The ad drew a swift reaction, as one might expect, including a widely shared tweet from CNBC Los Angeles reporter Jane Wells.

It’s a fair question. There’s been considerable discussion about whether women are adequately represented in traditional MBA programs, but executive programs, which are geared for people already very well-established in their careers, haven’t faced the same scrutiny. How are women faring in that part of the B-school? The ad in question certainly doesn’t paint a promising picture, so Fortune reached out to the executive programs at Harvard and four other top business schools in the hopes of finding out where things stand.

Let’s start with Harvard. The business school is quick to point out that the all-male ad is just one of several being used to promote the school’s executive education offerings (the others feature at least one woman). The gender-mixed ads were used four times more often than the all-men one was, Brian Kenny, chief marketing and communications officer for HBS, tells Fortune: “No single ad is intended to reflect the full diversity of the classroom.”

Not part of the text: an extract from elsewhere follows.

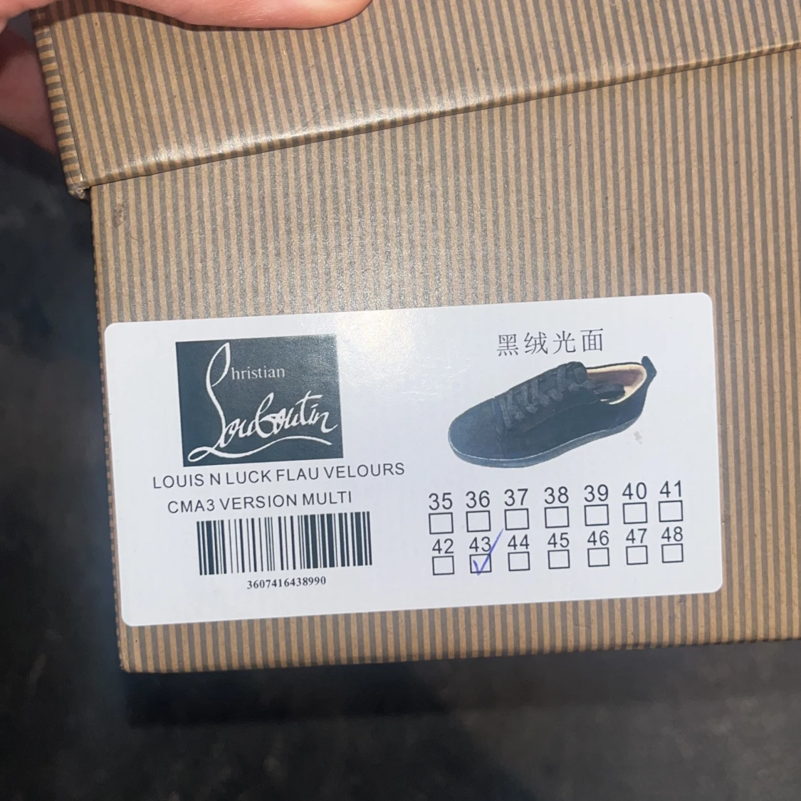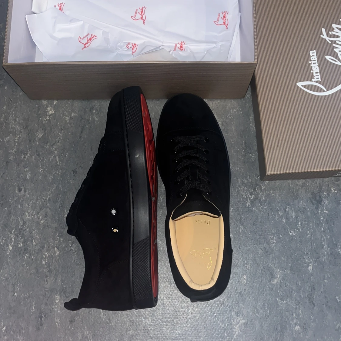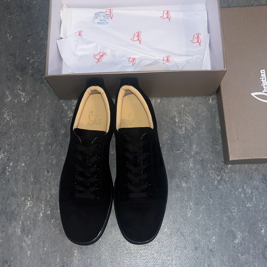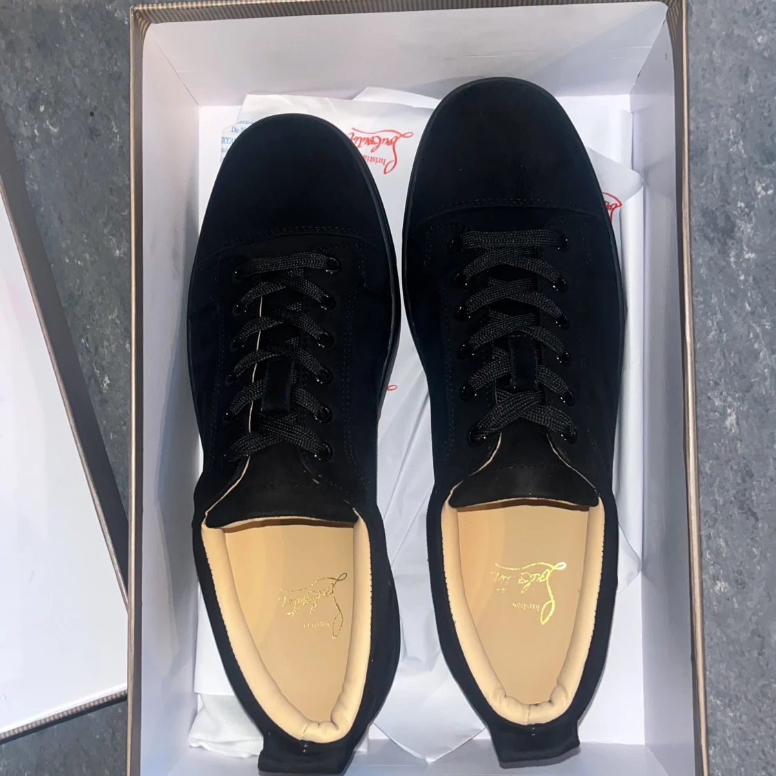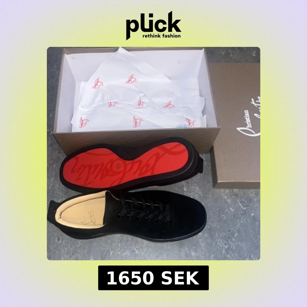 Säljer ett par svarta sneakers från Christian Louboutin i mocka med klassisk röd sula och svarta skosnören. Modellen heter Louis N Luck Flau Velours och har en stilren, rund tå och diskreta detaljer. Perfekta för dig som vill ha en lyxig och clean look. Storlek 43 säljer pga för stora för mig aldrig använt

In Harvard’s executive education programs, about 24% of students are women, up from 18% in 2009. As a point of comparison, the university’s regular, two-year MBA program is comprised of 41% women. “Although we are pleased that the numbers are trending in the right direction, we are continuing to work on improving the overall ratio as much as possible,” says Kenny.

At the Massachusetts Institute of Technology, it’s a similar situation. The figure in their executive program is about 17%, inching upwards in custom programs, says Kate Anderson, director of marketing and enrollment for MIT Sloan Executive Education.

The University of Pennsylvania’s Wharton School of Business declined to share specific statistics, but Monica McGrath, the school’s vice dean of executive education, admits levels are not where she’d like them to be. “When I first came to Wharton in 1999, enrollment in the [traditional] MBA program was about 30% women,” McGrath tells Fortune. “Now it’s very close to 50%, but in executive education, it’s not even close to that. It’s a problem, for sure.”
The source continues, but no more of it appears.